Goal of the exercise:
Look over the lines below. Report each one that includes the string "elever".

[Data extracts]

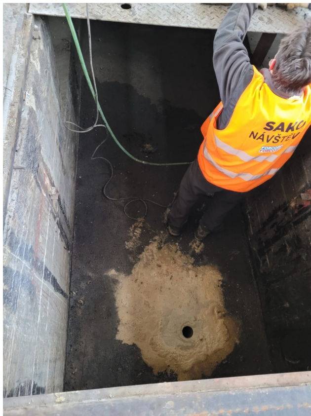
Kanál s dírou po vrtu 2
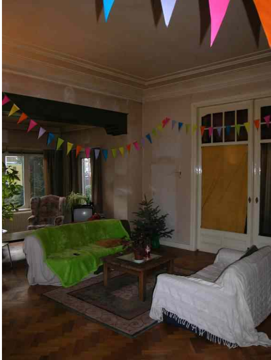
afb. 9 en afb. 10 Interieur kamer zuidzijde eerste bouwlaag
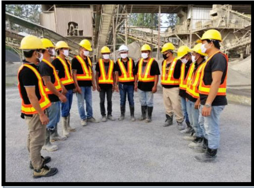
รูปที่ 2-25 อุปกรณ์ป้องกันอันตรายส่วนบุคคล
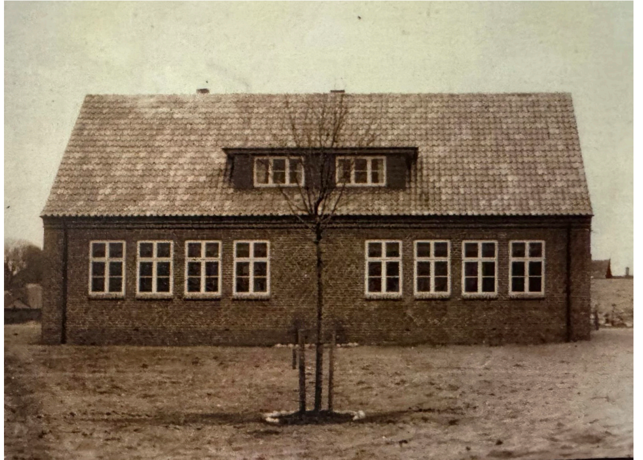
Sådan så den nybyggede skole ud, da den åbnede dørene for danske elever i Egernførde og omegn.

Mette Tode blev bedt om at sige noget, man kunne forestille sig, en skoleinspektør ville kunne have sagt for 75 år siden, og hendes reprimande om eftersidning og straf-skrivning i kladdehæftet var så overbevisende, at de (måske lidt overraskede) elever kvitterede med
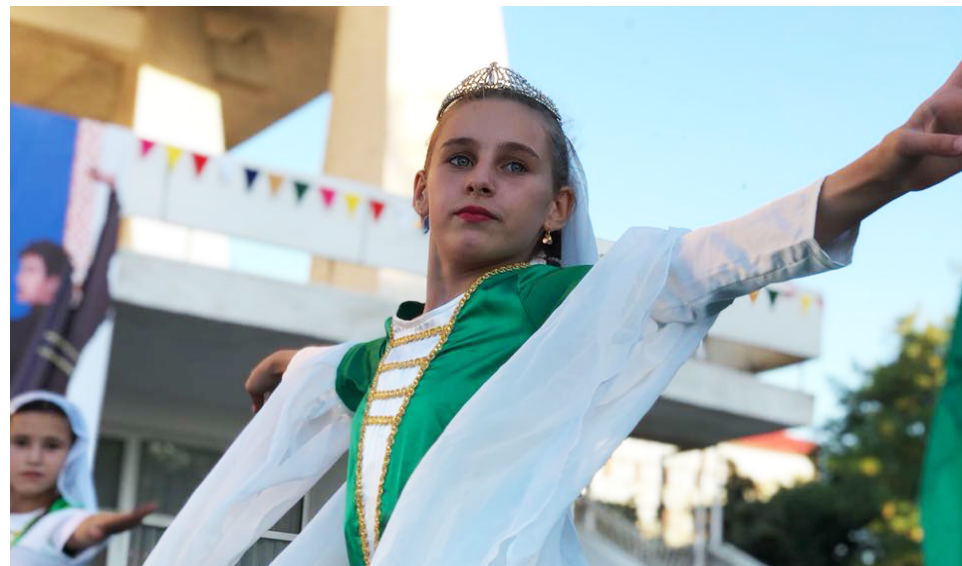
года, посвящен 95-летию со дня рождения народного поэта Дагестана Расула Гамзатова.
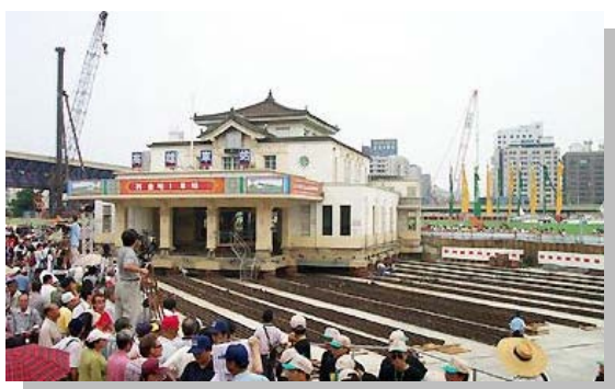
高雄火車站的搬遷工程

由於高雄捷運、高鐵的建立，原高雄火車站的位置將是台鐵、捷運、高鐵「三鐵共構」的中心，原本要面臨拆除的高雄火車站，在高雄人極力維護和聲援下，展開「保存火車站」的運動，即以工程上的「總掘工法」進行遷移，也就是在完全不損壞地面上建物的方式，將整棟建物移至附近的空地安放，同時也在站旁建立「高雄願景館」(以介紹高雄鐵道文化為主)，以及週遭附屬的高空鳥瞰區，讓高雄人民一同參與見證火車站的保存與改變。
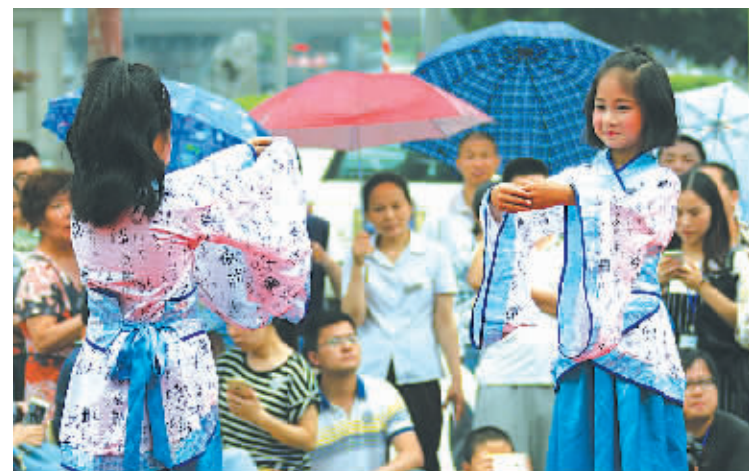
昨天是我国第11个“文化遗产日”。由市文化广电新闻出版局主办的“丝海·梦”百名少儿汉服实景表演在庆安会馆内及安澜会馆外广场举行,让孩子们了解宁波海上丝绸之路的历史,感受海丝文化的精髓。图为身穿汉服的小学生进行礼仪表演。
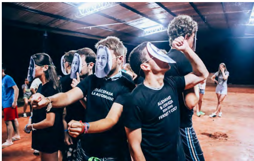
El proyecto #NOESTANASI de miembros de #JungesNetzwerk en el “Deutschcamp” de YFU, Misiones 2020

Frente a esta nueva incorporación de elementos a la “vida cultural alemana”, nuestras instituciones tienen la posibilidad de modernizarse en la oferta cultural que cada entidad pueda ofrecer a la comunidad en general. Es decir, no solamente se trata de mantener vivo el fuego de las tradiciones de nuestros antepasados, sino también de entender la posibilidad de que jóvenes se sientan interpelados y atraídos por nuevos conceptos que Alemania brinda hoy en día al mundo.
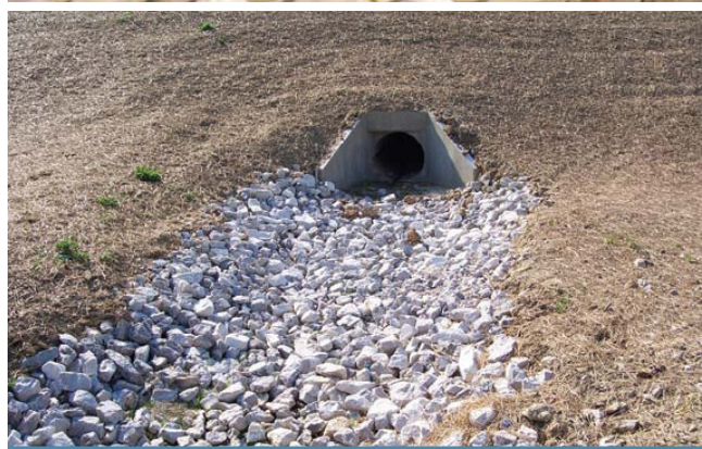
Figure 2. Exemples de protection à la sortie d'un ponceau (Ville d'Edmonton, 2005; UDFCD, 2005)
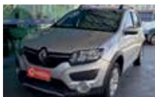
Renault Sandero Stepway 1.6 SCE / 2019 / COMPLETO
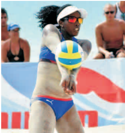
Maylen ha elevado su nivel como integrante de la pareja número uno de Cuba

elijan la más destacada en mi tierra, entre tantos deportistas de nivel mundial, es muy importante para mí. Es algo que me emocionó sobremanera, al igual que a mis familiares", destacó.
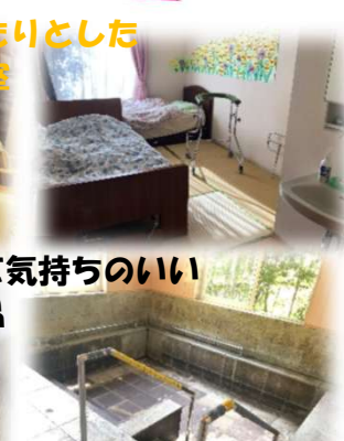
広くて気持ちのいい お風呂
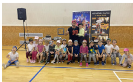
■ Foto: Taneční program Doctor Dancer
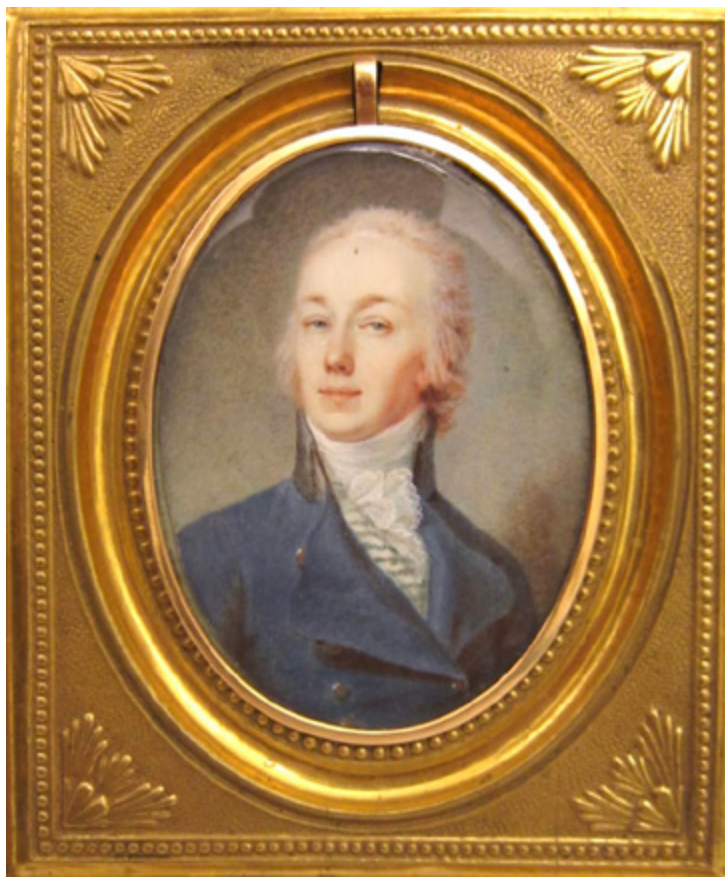
Ил. 6. Степан Щукин. Портрет А. Н. Шемякина. 1801. Акварель, кость. Государственный Русский музей, Санкт-Петербург. Ж-3118.

В 1797 году — «Ной по выходе из ковчега приносит жертву Богу» (за эту программу П.И. Иванов получил большую золотую медаль) 8 .
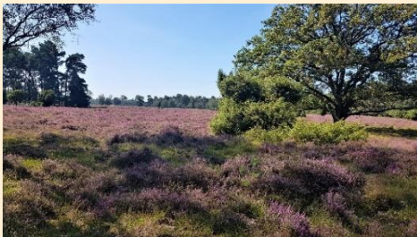
Het Buurse Zand, 22-08-2019

Nu ik deze blog voltooi, is het inmiddels 25 0 graden geworden. We fietsten vandaag zo’n 37 km via fietsknooppunten – door heidevelden, dorpen, stadjes en akkers. Wat genieten we van het goede leven, van een prachtige nazomer in Twente. En wat geeft het me – nadenkend over het gezin waarvan ik deel uit mag maken – een goed gevoel dat we er als vier broers (één broer is helaas overleden) steeds beter in slagen om verleden en heden te delen en daarin betekenis voor elkaar te hebben, hoe verschillend we soms ook denken en leven. En wat een voorrecht dat we als (groot)ouders met onze (klein)kinderen in staat blijken te zijn om samen te genieten van het leven én verdriet te delen. Voor wie niet zwijgt maar geluk en ongeluk deelt is het leven goed. Dát is het geheim van betekenisvol samenleven en dat geheim deel ik graag met jou. Hoe vaak is zwijgen wél goud?
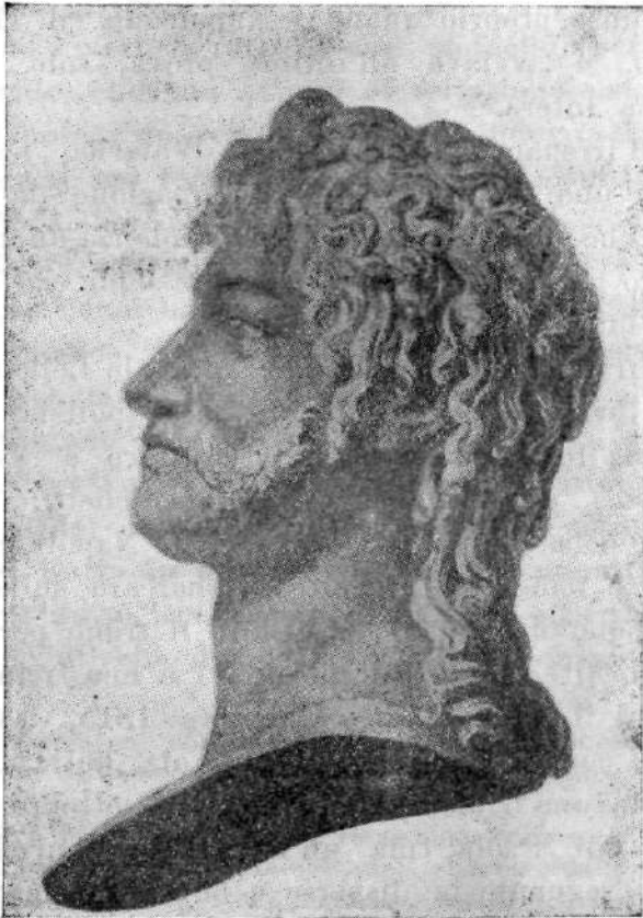
RE GIACHINO NAPOLEONE

Ma il piccolo esercito napoletano, sopraffatto dalla grande superiorità numerica delle ingenti forze austriache, è costretto a ripiegare, e Murat chiude
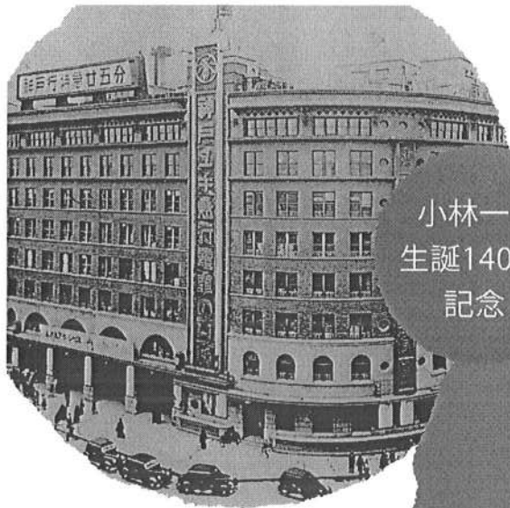
昭和29年当時の 阪急百貨店 梅田本店外観
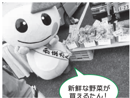
新鮮な野菜が買えるたん!

時 毎週(土)7時から(売り切れ次第終了) 所 市役所駐車場 問 鎌ヶ谷市朝市組合事務局(JAとうかつ中央鎌ヶ谷支店内) ☎443・4010
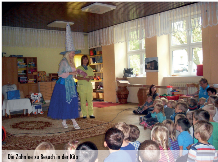
Die Zahnfee zu Besuch in der Kita
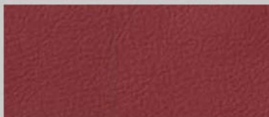
丝质纳帕(Silk Nappa)真皮 岩浆红 TR/SF S5 Coupe 标准装备
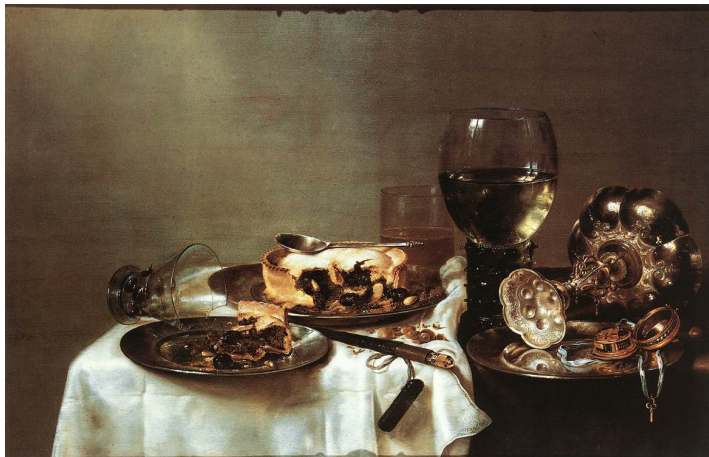
Willem Claeszoon Heda, Table de petit déjeuner avec tourte aux myrtilles , 1631. Huile sur bois, 54x82 cm.
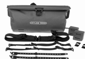
Contenu de la livraison
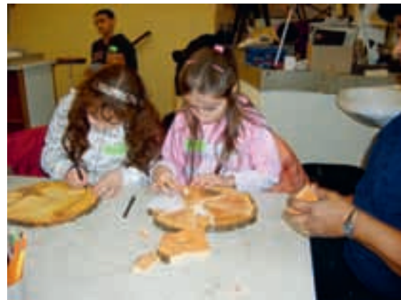
Schijven worden puzzels.
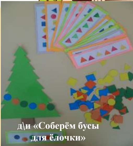
д/и «Соберём бусы для ёлочки»
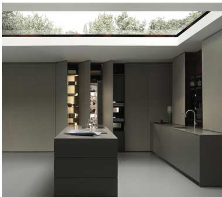
Nel sistema cucina Blade di Modulnova i mobili si integrano perfettamente nello spazio abitativo senza inquinare i volumi e senza rinunciare ovviamente alla funzionalità.

[/Data extracts]

Worked solution:
Sådan så den nybyggede skole ud, da den åbnede dørene for danske elever i Egernførde og omegn.
Mette Tode blev bedt om at sige noget, man kunne forestille sig, en skoleinspektør ville kunne have sagt for 75 år siden, og hendes reprimande om eftersidning og straf-skrivning i kladdehæftet var så overbevisende, at de (måske lidt overraskede) elever kvitterede med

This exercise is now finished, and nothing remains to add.